> Dear people --
Coming back from ISCRAT, feeling that I've been worked over, turned around,
revolved, explained to, listened to -- a very intense week full of contacts, the
sum greater than the parts. Most education or labor education conferences I've
been to have been practical, organized around a type of work (eg teaching), not a
theory. The central focus of ISCRAT, then, was new to me. I liked it.
Wondering what it would be like to do this year in and year out. When would it
become unproductive? After 3 weeks? After 2 months?

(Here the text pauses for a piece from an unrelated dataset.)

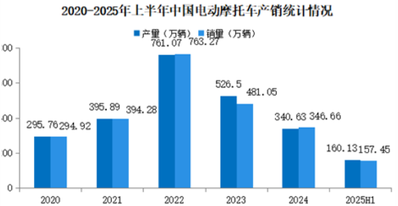6月,全行業(yè)完成電動摩托車產(chǎn)銷25.18萬輛和24.03萬輛,產(chǎn)銷量環(huán)比下降3.69%和10.06%,同比下降15.37%和22.53%。1-6月,全行業(yè)完成電動摩托車產(chǎn)銷160.13萬輛和157.45萬輛,產(chǎn)量同比增長0.39%,銷量同比下降3.57%。

I tried to list for myself the uses of a conference like this one. These are the
kinds ot things that were going on in my head and getting worked on as I went
from one session to another. If I asked, "What is a conference like this good
for?' I'd say it was good for:
a. Self-reflection -- upon my own work, upon my own learning and development
b. Evaluation -- of a person's work, of a team's work, of the functioning of
an activity/team/group/department/ program, mine and others'
c. Communication -
about a problem
about a success
about new information about a situation
among a team
among a group of researchers
among a group of program designers
among a group of teachers
d. Creating or defining concepts
establishing or closing in on a common vocabulary
establishing distinctions and differences
arguing for new concepts, vocabulary or distinctions and differences
e. Clarifying differences
conducting discussions and debates
extending perspectives
I've always thought of a boundary object as anything that sits on a boundary and
therefore looks different from one side compared to another. You don't know it's
a boundary object until the person who is standing on the opposite side of the
lunch table says, "Hey, would you please help me move this wagon?" In this sense,
boundary objects were everywhere you looked.
I saw at least three generations of people there, each presenting in their own
style, rhetoric, focus. First the "old" first generation (maybe they're really the
second or third generation) -- the originals. They're working on concepts that
they've been refining for years. However, they seem to want to listen, too.
Second, a generation that is "hosting" the development of AT: the people who are
sort of building the actual house of AT as it is today -- Mike, Yrjo, Jim Wertsch,
Anna, the man from Argentina - some others. Third, people who are applying it,
not worrying too much about some details, but just using it as best we can; I'd
include people from South Africa (the AIDS project people), some mathematicians
from San Diego, the teacher's group put together by Eva Ekblad, the various
presenters from Yrjo's institute -- the woman who presented on time pressure on
home health care workers. It was a slightly uncanny thing to see all three
generations mingling and talking to each other and listening to each other.